Господи, сколько же стоит ее жизнь? Ничего не стоит! Ровным счетом ничего. Средь бела дня сбить человека, вывезти его за город и хладнокровно оставить умирать… И это человек? Гомо сапиенс? А потом он вернулся домой к жене и детям, сел за стол, выпил водки, чтобы снять стресс? Рассказал жене ночью в постели? Сказал, что сбил одну… у гастронома, увез на свалку и там оставил? А она сказала, правильно сделал – ей уже не поможешь, а тебе что же – в тюрьму? И они заговорили о другом…
…Жанна добралась домой глубокой ночью. К счастью, дорога до города ей была знакома. По ней ездят в дачный поселок, и она бывала там не раз. Спасибо, что не вывез в лес – оттуда ночью не выбраться.
Город был безлюден. Часы показывали два – ей удалось поднести руку к глазам. На остановке она стояла в двенадцать дня. Часы он с нее не снял, а мог бы – часы дорогие. Честный человек, не какая-нибудь шантрапа. Не разменивается на мелочи. Серьезный. Приговорил – привел в исполнение. А она, дрянь живучая, сбежала. Сбежала!

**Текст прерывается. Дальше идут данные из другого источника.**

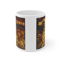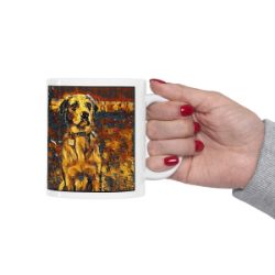 Keep cozy and warm with a nice cuppa, featuring the beloved Catahoula Leopard Dog dog breed stylized in our Coloromo Painterly art on a ceramic mug. Lead and BPA-free, these durable mugs are also microwave & dishwasher-safe. Made of white, resilient ceramic in an 11-ounce size, this is the perfect gift for coffee, tea, and hot chocolate lovers.
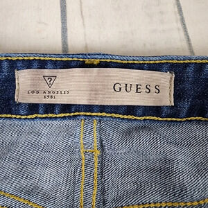Guess Distressed Button Fly Short Dark Wash 5 Pocket Size 27
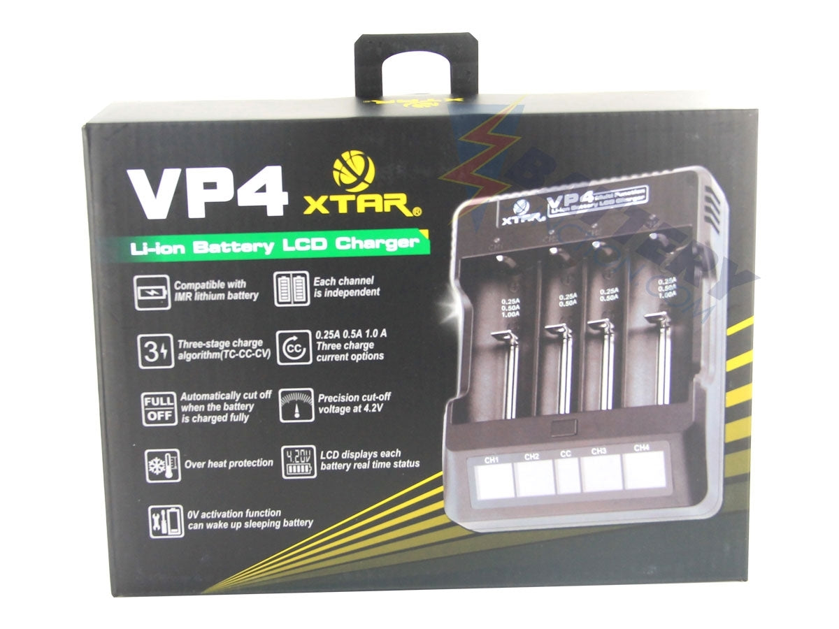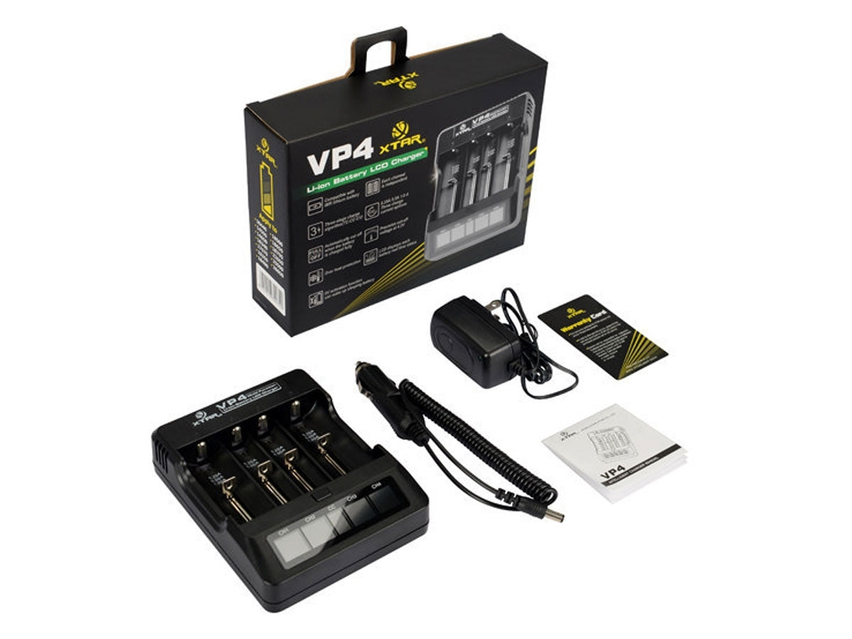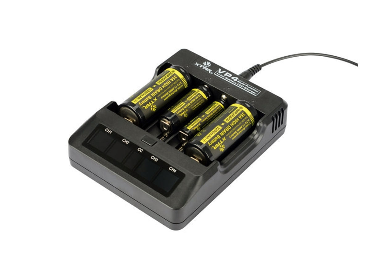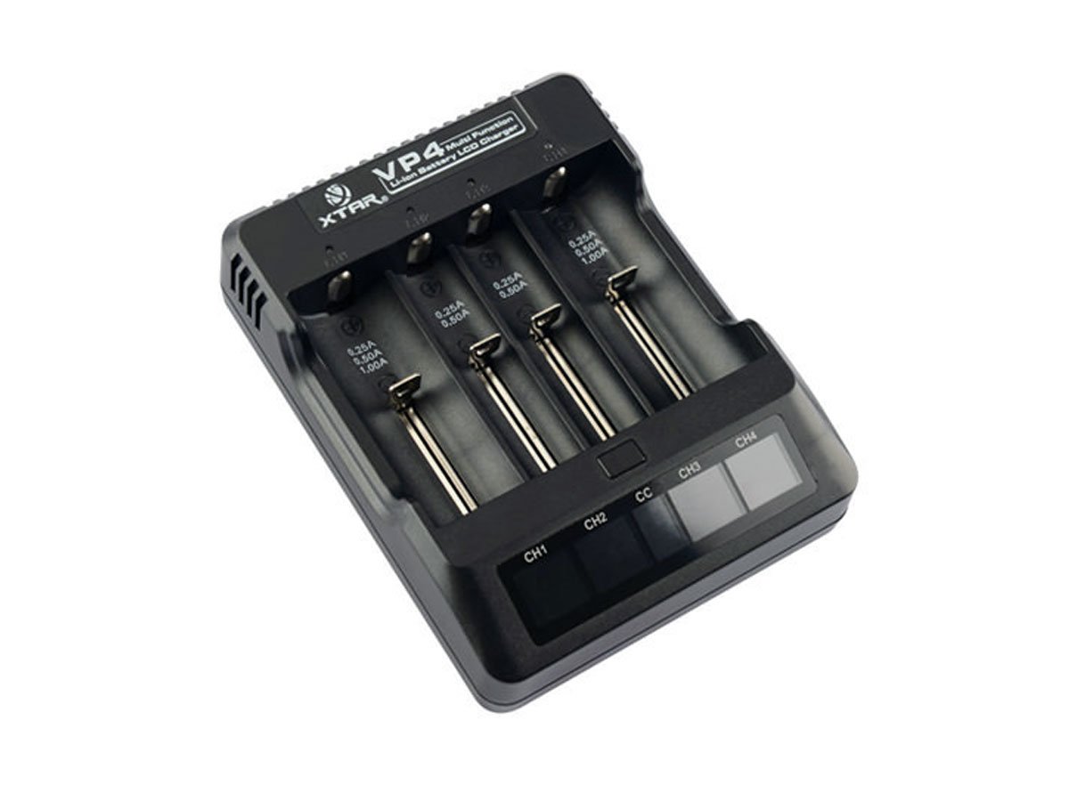 Introducing the VP4 Smart Battery Charger from XTAR, a 4-bay, 4-channel li-ion charger with a LCD display screen. Compatible with both IMR lithium batteries and small capacity batteries, the VP4 will adjust the charging current according to each different channel or you can manually choose the current with a button switch. The LCD display will output vital information, such as charge time, precision battery cut-off voltage, battery power indicators, and optional currents. All four channels are independent, so you can charge one battery at a time or a pair of batteries. You can charge a multitude of li-ion batteries ranging from 10440 cells all the way up to 26650 cells. Gone are the days of worrying about overcharging, over-discharging, shorting out the circuit, or reverse polarity, as the VP4 will protect your batteries and charger. Pick up an XTAR VP4 Smart Battery Charger today!Features:- LCD displays each battery real time status
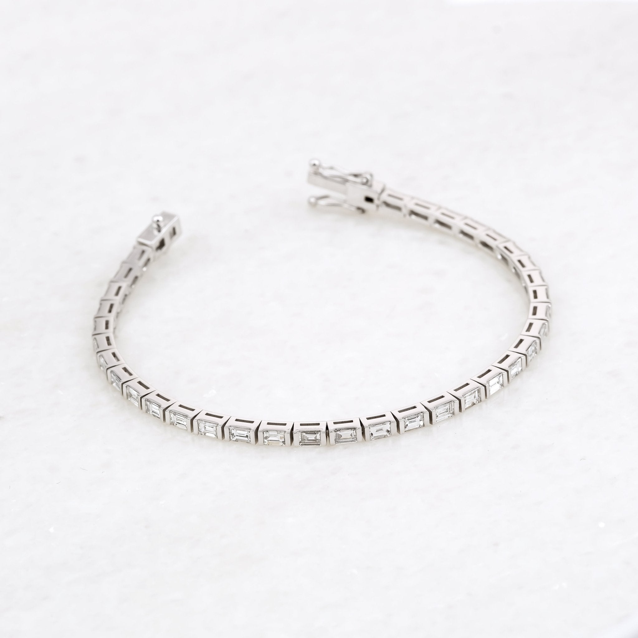 The 1.90 Carat Baguette Cut Design Bracelet model is specially designed using 14 Carat White Gold weighing approximately 14.00 gr.
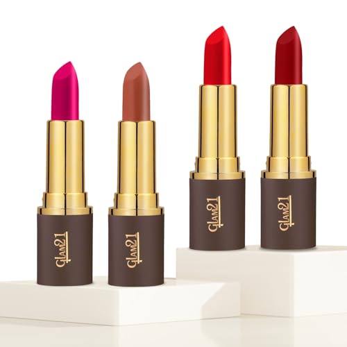 Glam21 Matte Envy Creamy Matte Lipstick for Women | Smudge & Transfer Proof | Intense Color & Bold Finish | Smooth & Light Weight | Up to 12H | Pack Of 4 | Each 3.5gm (COMBO-12)
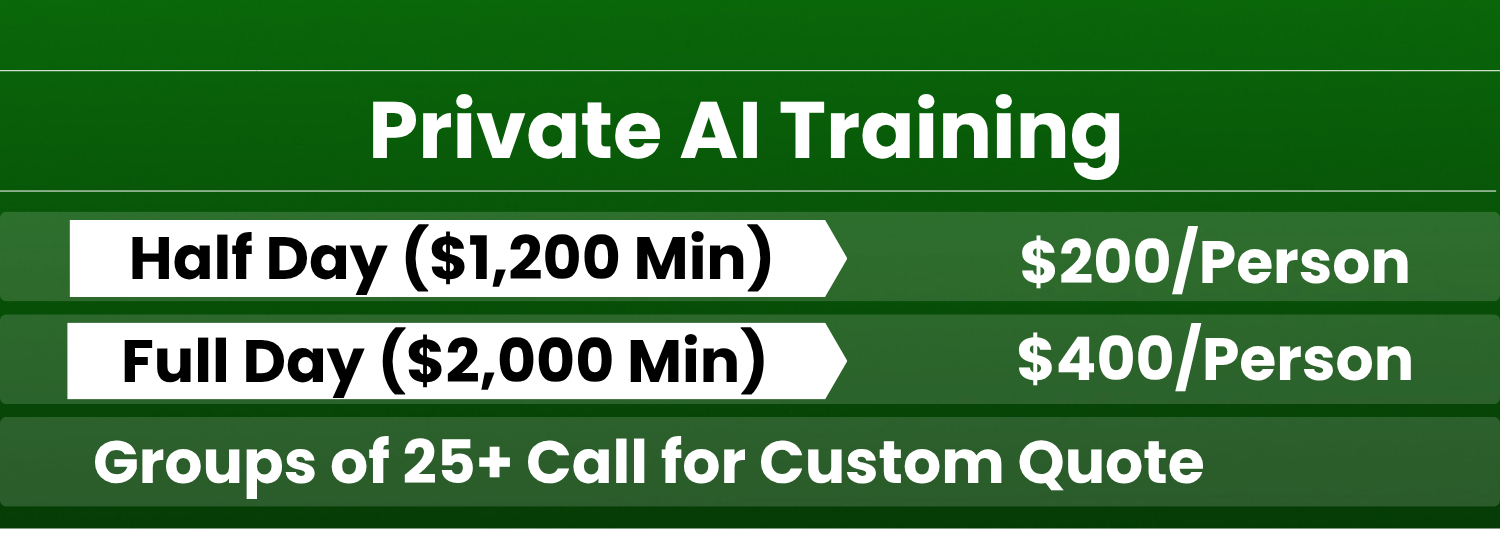 Whether your team needs an online course they can take at their own pace, a private hands on training course, or both, we have a path that fits how your business operates. No tech background needed! No generic slide decks. Just practical skills your people can use right away.
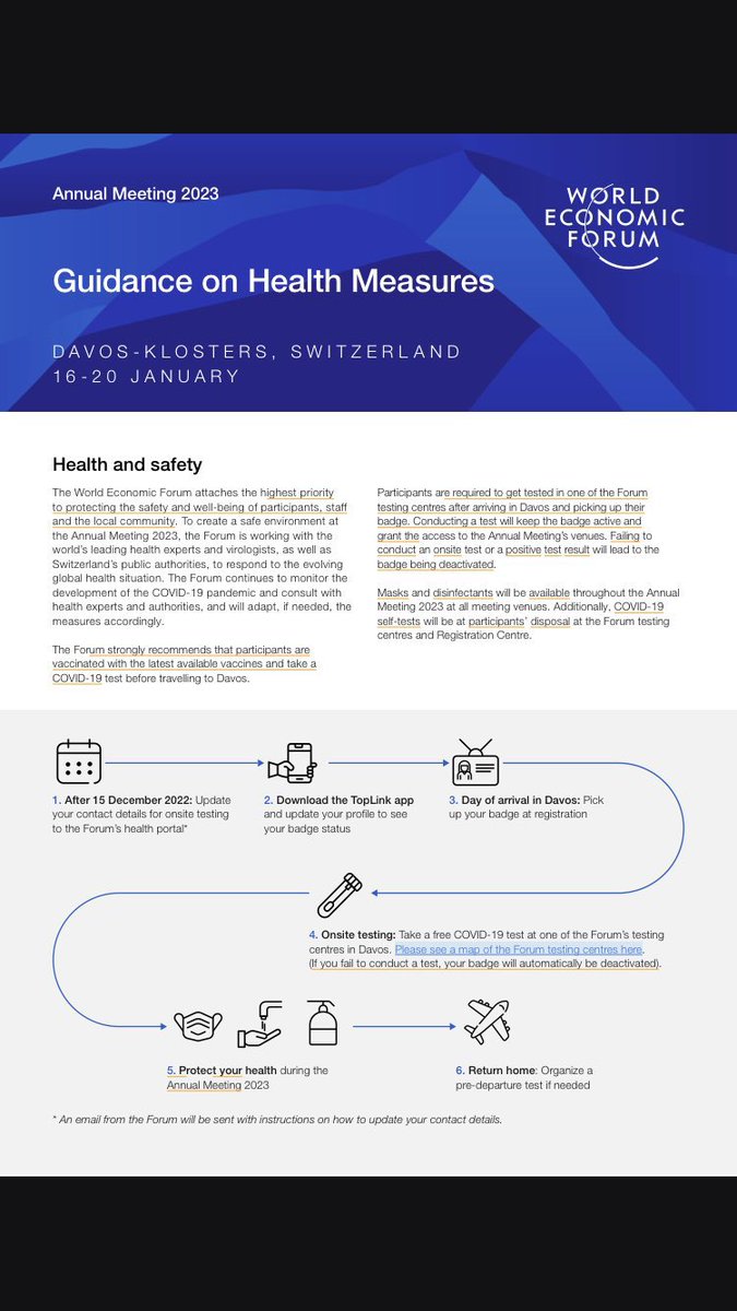 Offensichtlich erkennt das Weltwirtschaftsforum die Tatsache an, dass die #COVID19-Pandemie noch nicht vorbei ist und dass #SARSCoV2 weiterhin eine Gefahr darstellt. Mit umfangreichen Maßnahmen wird die Gesundheit der Teilnehmer geschützt.

Да если бы он предполагал такое, он бы… Он бы?! Мысль так поразила ее, что Жанна остановилась. Он бы… что? Контрольный выстрел? Бросил бы в реку? Глазам стало больно, и она расплакалась. Слезы были соленые, от них защипало кожу. Одернула себя – прекрати реветь! Но остановиться не могла.
Она вошла в гулкий подъезд, негромко подвывая и шмыгая носом. Вспомнила о собаке, снова вышла. Щенок был тут! Всю дорогу он плелся следом.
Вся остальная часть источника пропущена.